Porto Ercole · Italy
Il Pellicano has been setting the tone on the Argentario coast since 1965.
The Maremma coast has a way of asserting itself quietly — salt air, stone pine, the particular quality of afternoon light over the Tyrrhenian. At Hotel Il Pellicano, that assertion becomes a way of living. Clifftop terraces, a saltwater pool cut into the rock, rooms that open onto the sea with the confidence of a place that has never needed to announce itself.

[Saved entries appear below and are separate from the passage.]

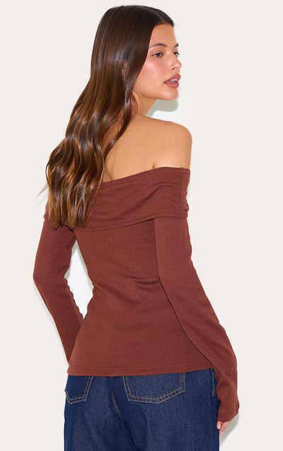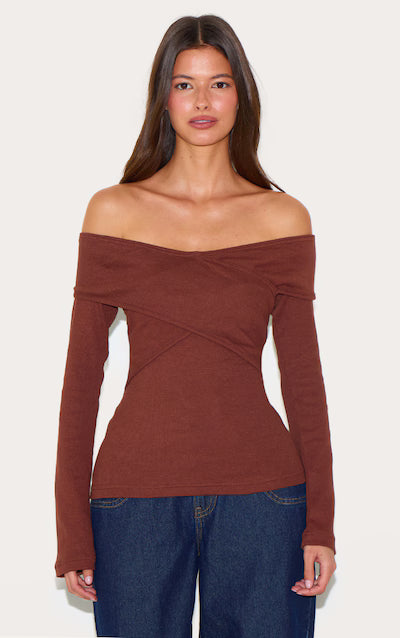 ارتقِ بخزانة ملابسك الأساسية مع هذه البلوزة المميزة بلون الشوكولاتة. تصميمها الطويل بلون الشوكولاتة الغني يُضفي لمسة راقية على إطلالاتك المكشوفة الكتفين. انتبهي إلى خط العنق المتقاطع المصمم بدقة والذي يُضفي لمسةً فنيةً مميزةً ويتيح لكِ خياراتٍ متعددة من التصاميم. قماشها يتدلى بسلاسة، مما يضمن لكِ ملاءمةً مثاليةً تُناسب مختلف أشكال الجسم. نسقيها مع بنطال واسع الساقين مُفصّل من مجموعتنا لإطلالة عصرية أنيقة.
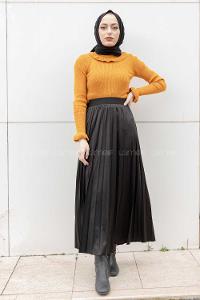 Modalamelif Boğazlı Fırfırlı Triko Kazak Hardal Sarısı
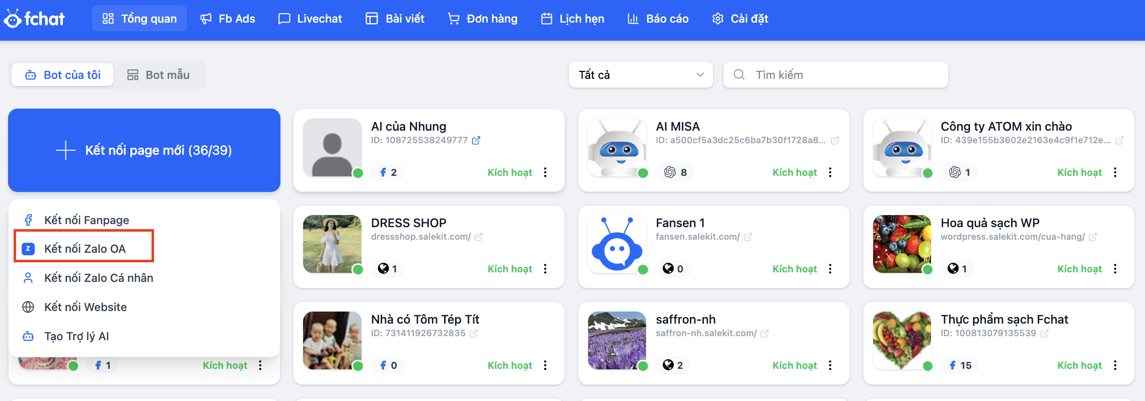 Sau khi kết nối thành công, Zalo OA sẽ được hiển thị trong Dashboard cùng với các Facebook Page (có biểu tượng Zalo).
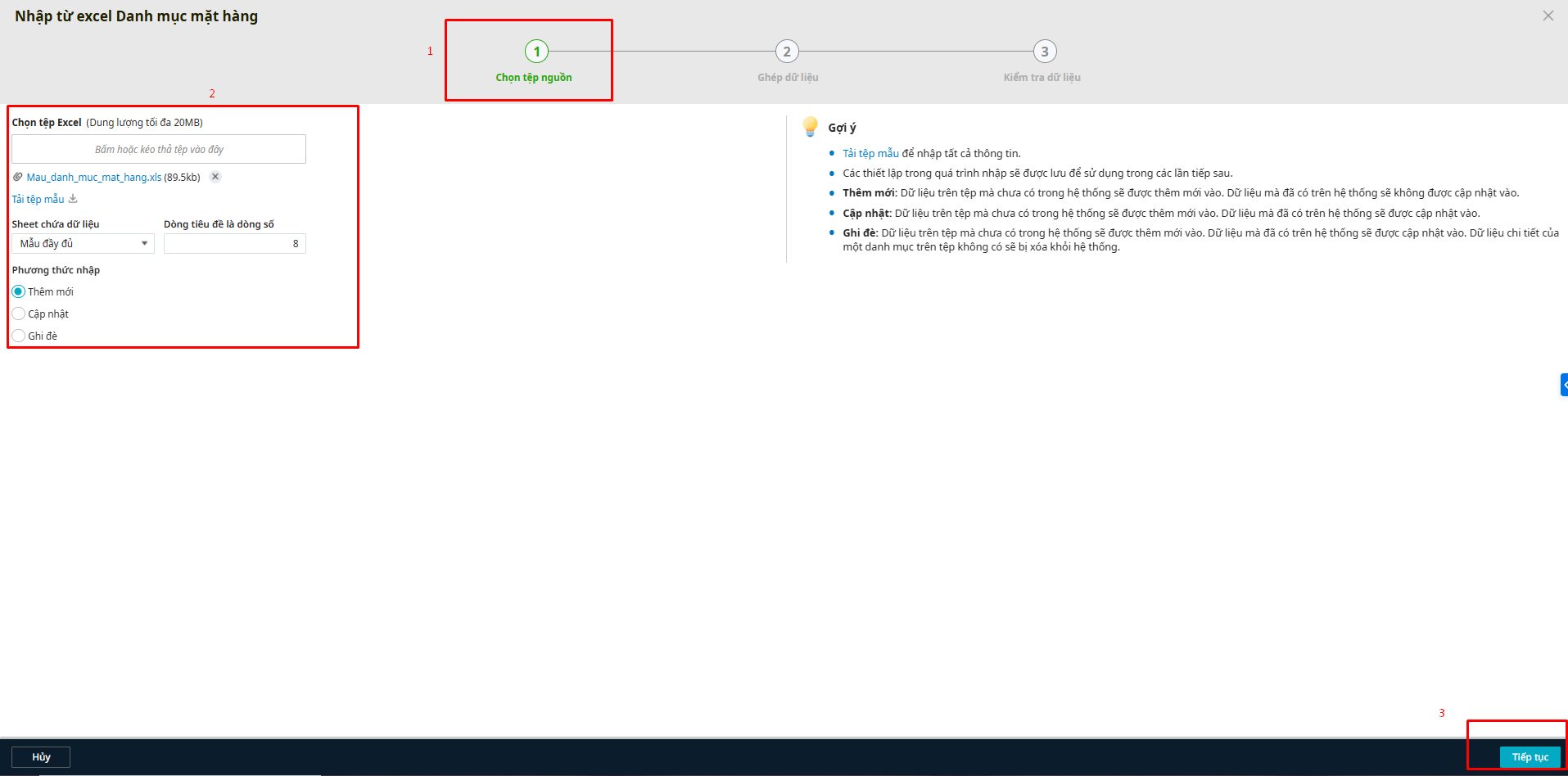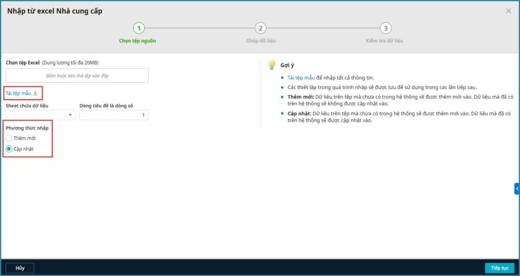 Bước 2: Chọn tệp nguồn: Chọn file excel chứa dữ liệu cần nhập khẩu, chọn Phương thức nhập.

Il Pellicano began as a private retreat — built by an American couple who found this stretch of Tuscan coastline and decided, with admirable conviction, not to leave. That origin story matters. It explains why the hotel carries itself the way it does: not as a curated product, but as a place with actual history embedded in its walls, its terraces, its unhurried rhythms. The architecture is Anglo-Italian in the most honest sense — pink stucco, terracotta rooflines, bougainvillea doing what bougainvillea does in high summer. Nothing strains for effect. The interiors are warm without being theatrical, the kind of rooms where you notice the quality of the linens before you notice anything else. The clifftop pool is genuinely one of the great pools in Europe — not for spectacle, but for what it gives you: a perch above open water, with the Monte Argentario peninsula as your backdrop and very little else to consider. Service here is attentive without surveillance. Staff remember things. That, increasingly, is the distinction that counts.
The nearest major airport is Rome Fiumicino (FCO), approximately two hours by car via the Via Aurelia coastal route. Grosseto airport handles some domestic connections and cuts the drive to under an hour.
Late May through June and again in September offer the best combination of warmth, clear water, and a pace that the hotel handles more gracefully than the peak weeks of July and August.